Most businesses are using AI. Few can prove what people are doing with it.

One of the tensions facing regulated SaaS leaders today is that AI adoption is accelerating, but clarity and value creation are lagging far behind. 

  • McKinsey reports that almost 90% of companies are experimenting with AI, but only 7% are scaling it enterprise-wide.

  • HBR Analytic Services has found that only 16% of organisations report a high degree of measurable value from AI.

Adoption is creating more challenges

The issue is no longer whether people are using AI - in most businesses, they already are. Teams are using new tools to research, write, code, support customers and speed up everyday work.

For leaders, that creates a tough question.

  • Can you see where this activity is helping the business, where it’s creating risk, and where it needs tighter control?

This matters because AI usage is spreading faster than measurement, ownership and governance. What starts as useful experimentation can quickly become fragmented, duplicated or impossible to manage.

Activity is not the same as value

High adoption does not automatically mean high impact. Gartner found that only 28% of AI use cases in infrastructure and operations fully succeed and meet ROI expectations. The same study found that 20% fail outright.

That should make leadership teams pause. AI activity can look impressive from a distance, but without baselines, success measures and commercial ownership, it becomes hard to know what’s actually working.

Teams may be saving time. They may be producing more. They may be improving specific workflows.
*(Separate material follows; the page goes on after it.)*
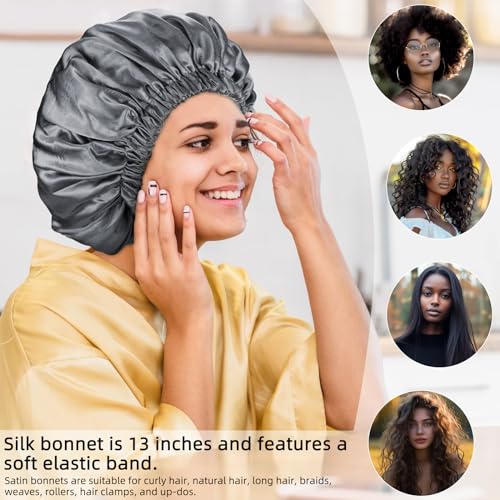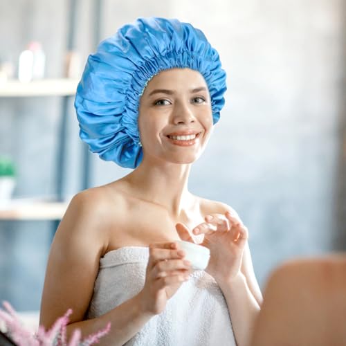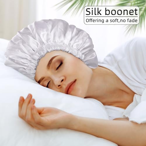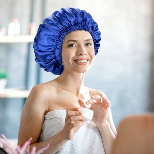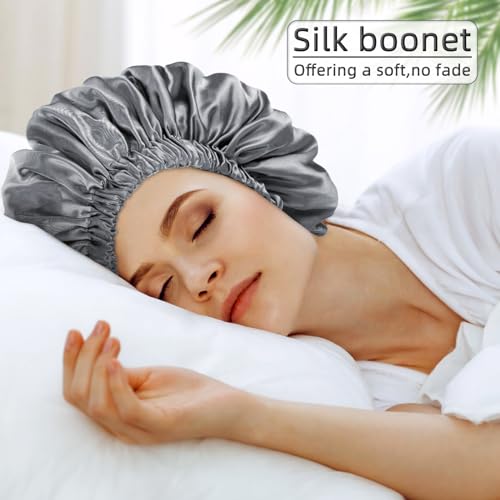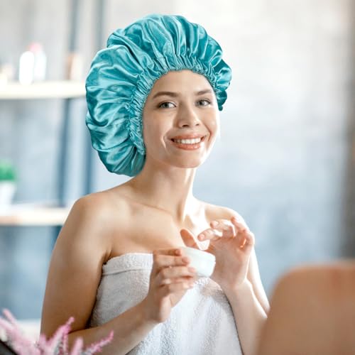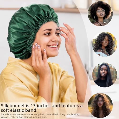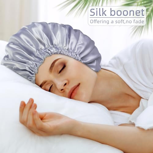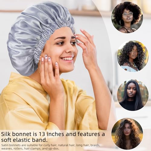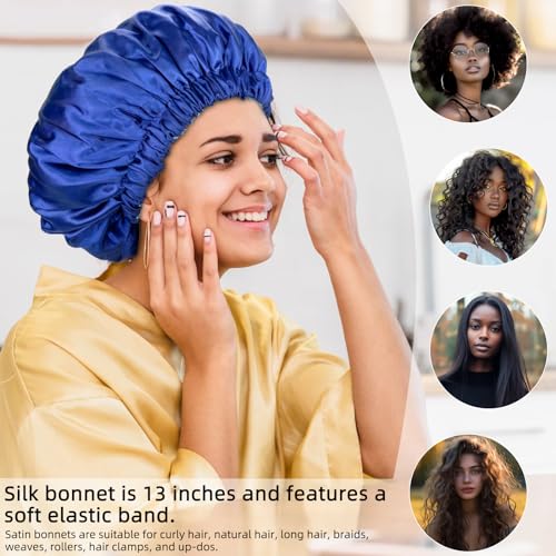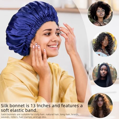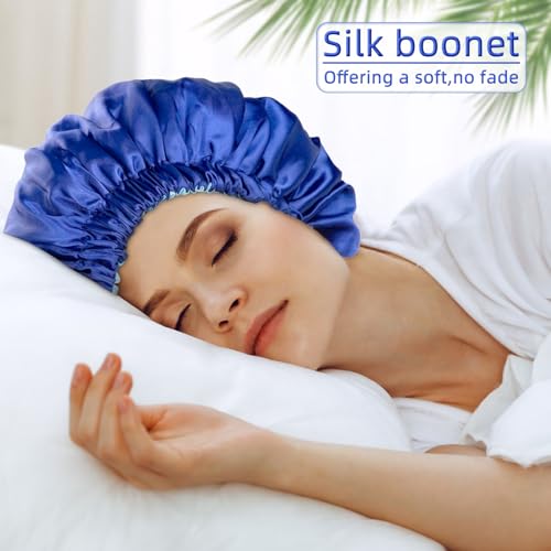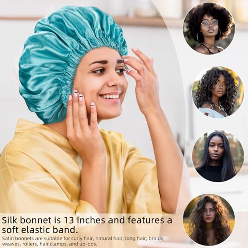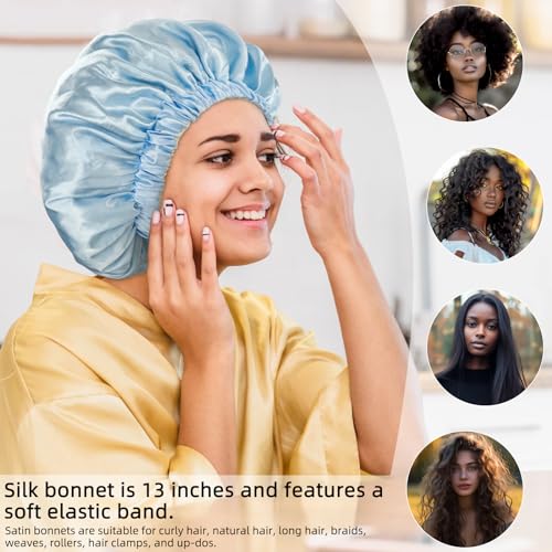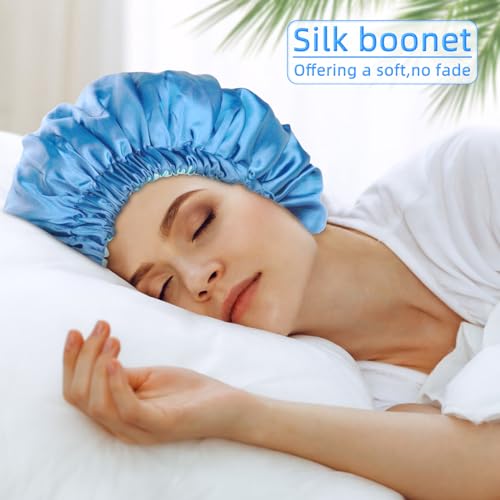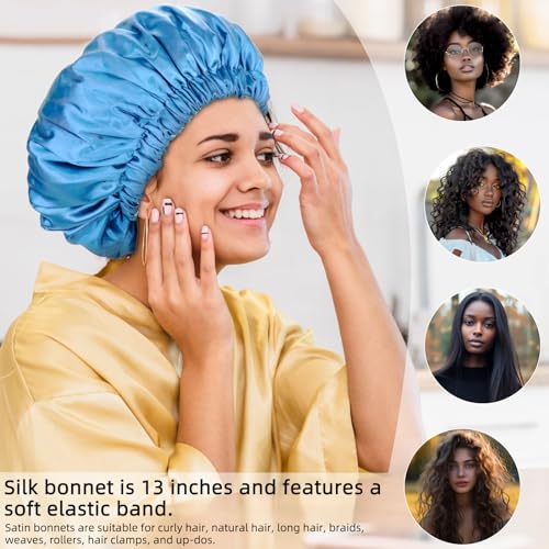 Satin Bonnet Silk Bonnet Hair Bonnet for Sleeping-Slouchy Beanie Hat Satin Sleep Cap for Women's Natural & Curly Hair(Blue zircon)

But unless those gains are measured against business outcomes, leaders are left with anecdotes rather than evidence.

Control needs to keep pace

The risk side is just as important. Gartner has warned about AI agent sprawl, with only 13% of organisations believing they have the right AI agent governance in place.
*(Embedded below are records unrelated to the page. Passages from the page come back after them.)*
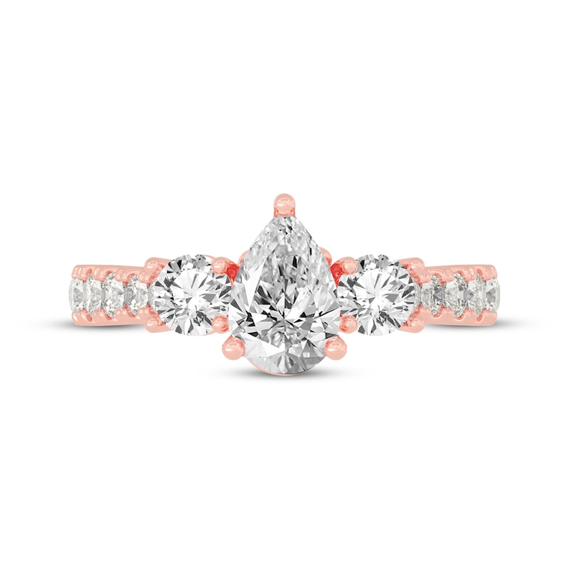 - Pear-Shaped & Round-Cut Three-Stone Diamond Engagement Ring 2 ct tw Rose Gold Plated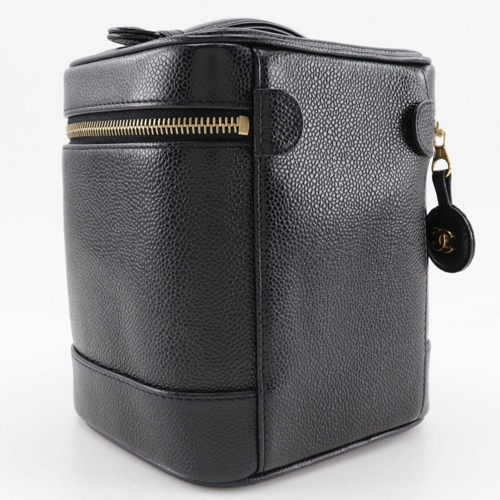 Brand: Chanel, Color: Black, Material: Caviar leather, Dimensions: 17cm x 15cm x 13cm / 6.69'' x 5.9'' x 5.11'', Condition: Rank A. Rank A Used - A few traces of usage, some scratches / dirt can be seen but overall in very good condition. Before purchasing, please refer to the images for the exact condition of the item. Before purchasing, please refer to the images of the accessories included with the item. Bag Common Damage Scratch: Insignificant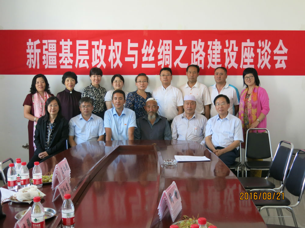 8月21日下午调研团前往阿拉尔市下属民族乡--托喀依乡,与乡政府工作人员、新疆访惠聚工作组成员以及维吾尔族老党员进行了关于基层政权与丝绸之路建设的座谈,并参观了改善维吾尔族群众、尤其是维吾尔族妇女经济条件、增加就业机会的民生工程---来料加工的企业的生产活动。

For regulated SaaS businesses, weak visibility is not just inefficient. It can become a governance problem, a customer trust problem and a commercial problem.

As people use AI in more workflows, leaders need clearer rules, stronger ownership and better evidence of what is happening across the business.
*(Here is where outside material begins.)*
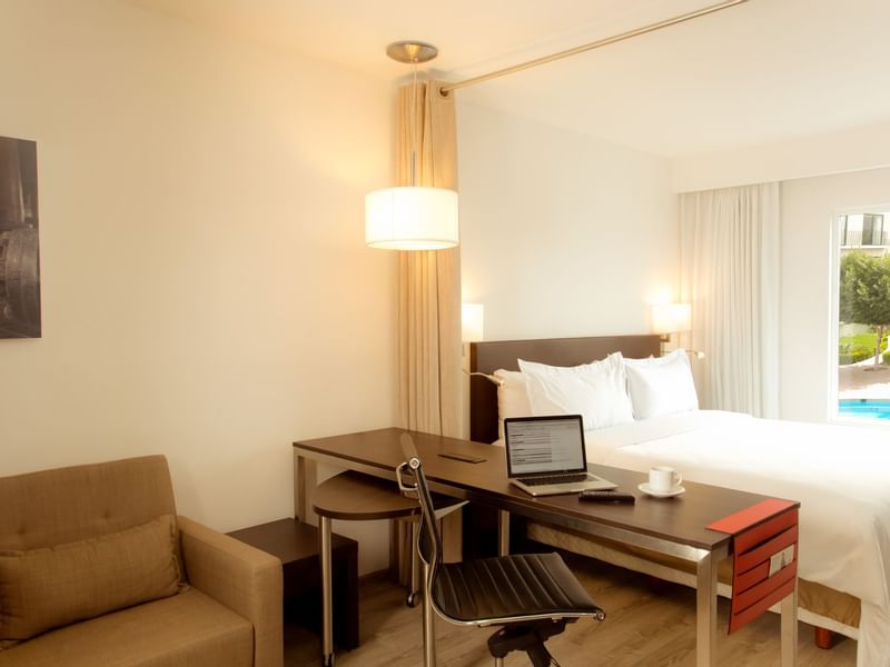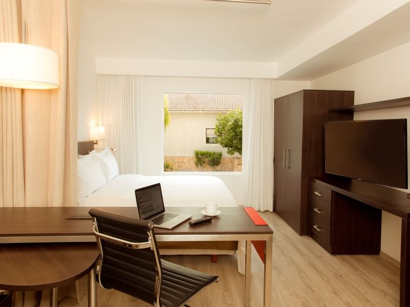 Siéntete como en casa y encuentra el espacio que más te guste para ser productivo. Aprovecha la amplitud de este Loft para ser productivo. El ambiente es cálido y el mobiliario, cómodo y funcional. Ten un sueño reparador y descansa profundamente en la cama King Size. Solicita a room service lo que desees del menú, o decide hacer uso de la cocineta que incluye horno de microondas, frigobar y antecomedor. Haz una pausa, mira tu serie, película o programa favorito en nuestra TV, tomar un baño o recostarte en el confortable sillón.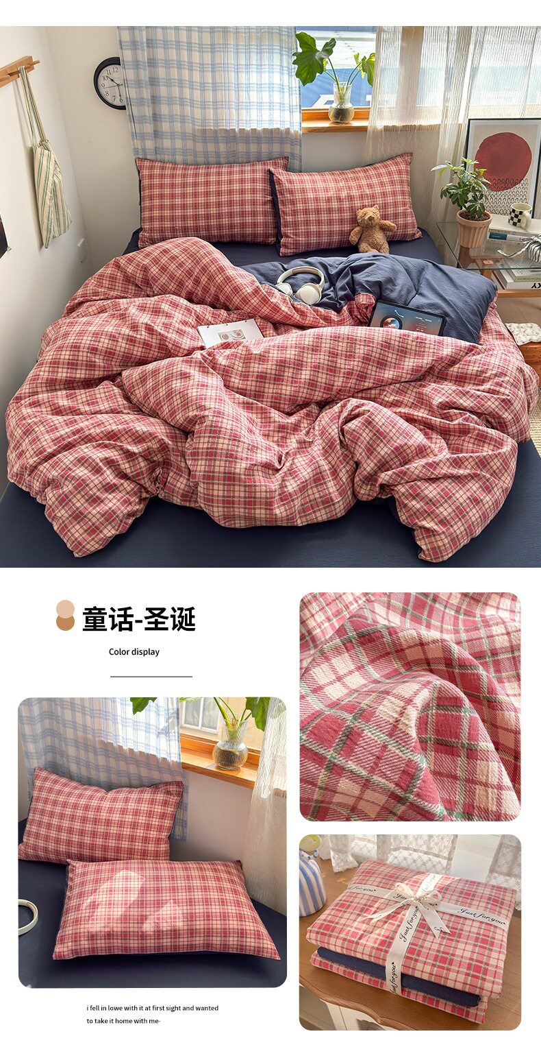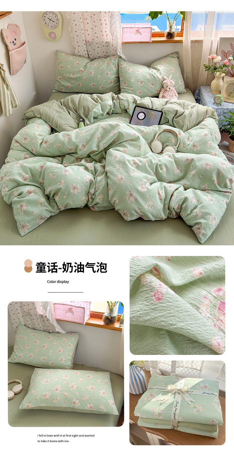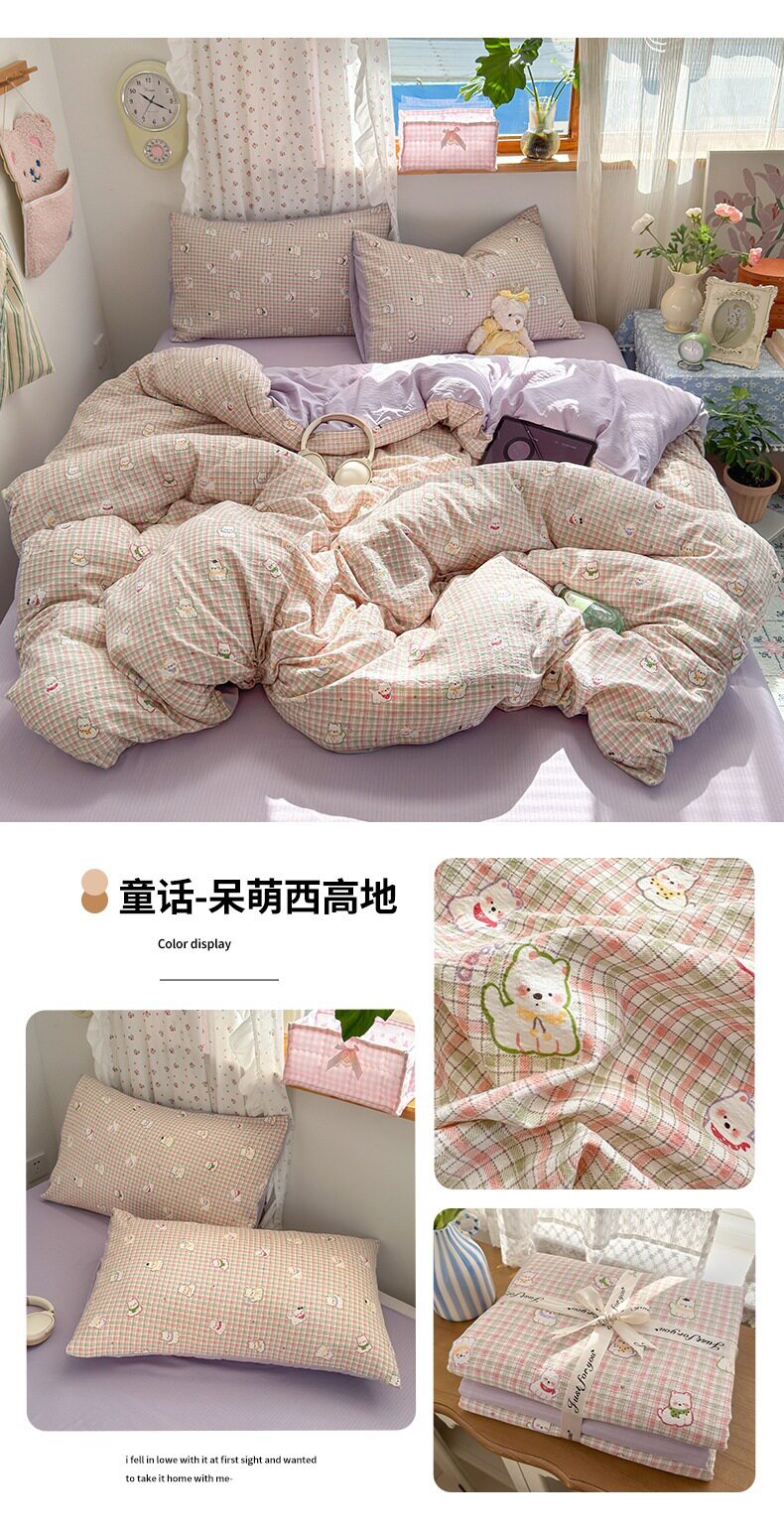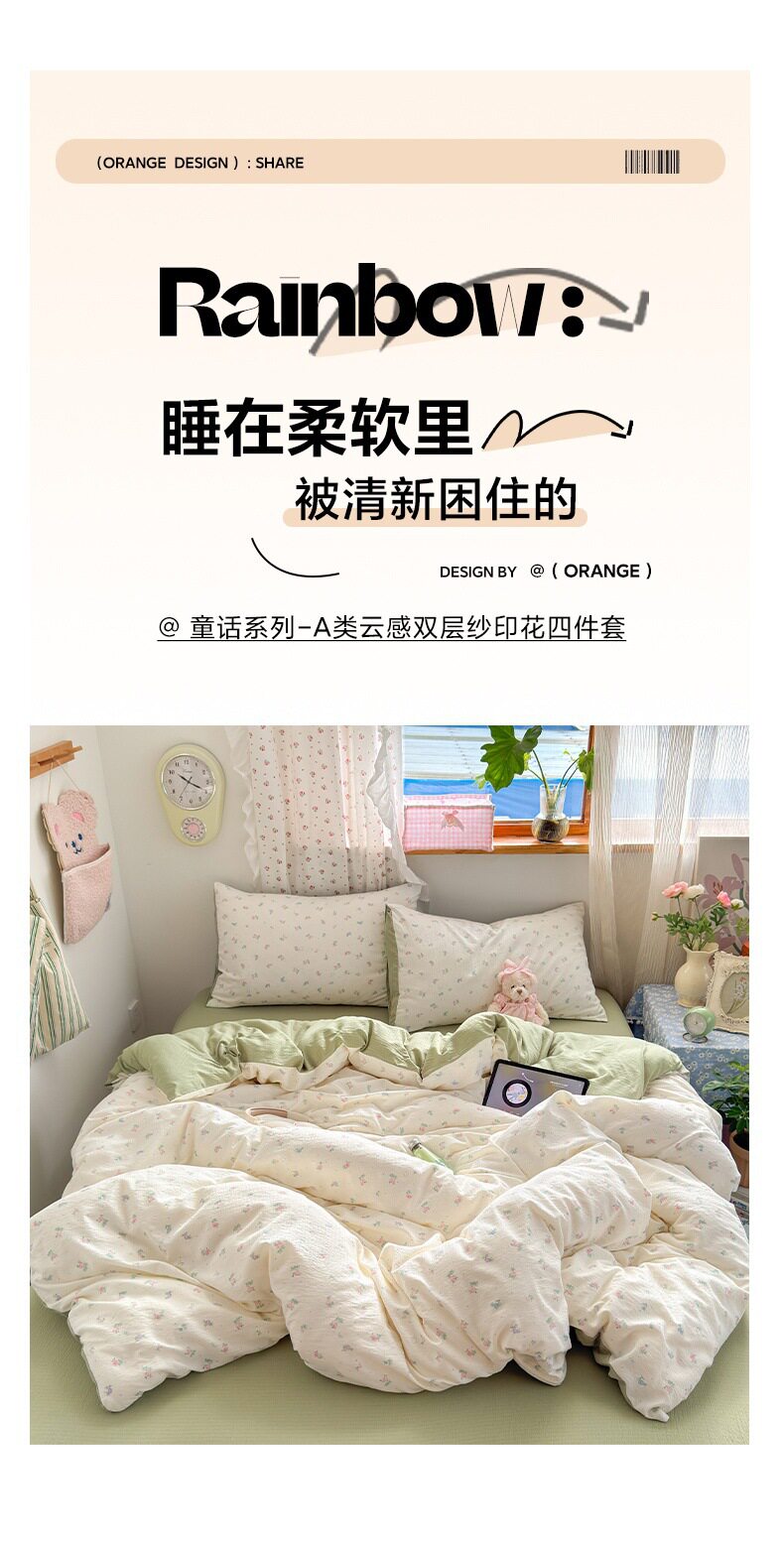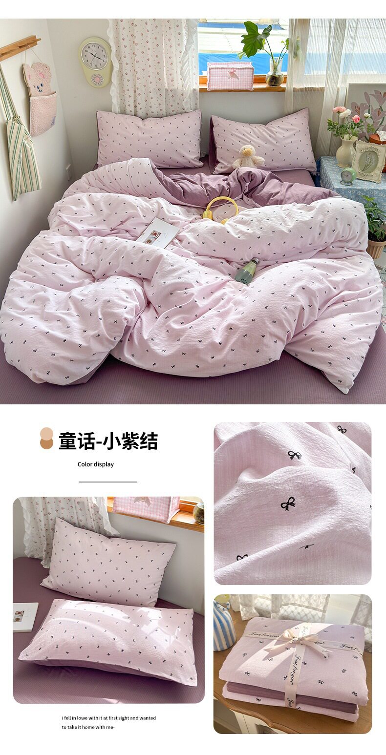 Category a Maternal and Infant Grade Four-Piece Set of Pure Cotton Double-Layer Yarn Bed Bed Sheetss and Quilt Covers New Dormitory Bed Bed Sheetss Three-Piece Set

Three questions leaders need to answer

The leadership question is not simply, “Are we using AI?” It is:

  • Where are people using AI to create measurable value?

  • Where is AI-enabled work increasing risk?

  • What should we stop, fix or scale?

Those questions are difficult to answer through isolated dashboards, disconnected pilots or informal feedback. They need a structured view across value, risk, adoption, ownership, delivery and measurement.

A clearer way forward

That is why Scail created the AI Risk & Value Scorecard.

The Scorecard gives regulated SaaS leaders a practical way to understand how AI is being used across the business. It looks beyond activity to show where teams are creating value, where control needs to improve, and where leadership action is needed next.

The aim is not to slow teams down. It is to help them use AI with more clarity, confidence and commercial purpose.

Most businesses are now using AI. The advantage will belong to the ones that can prove what their people are doing with it.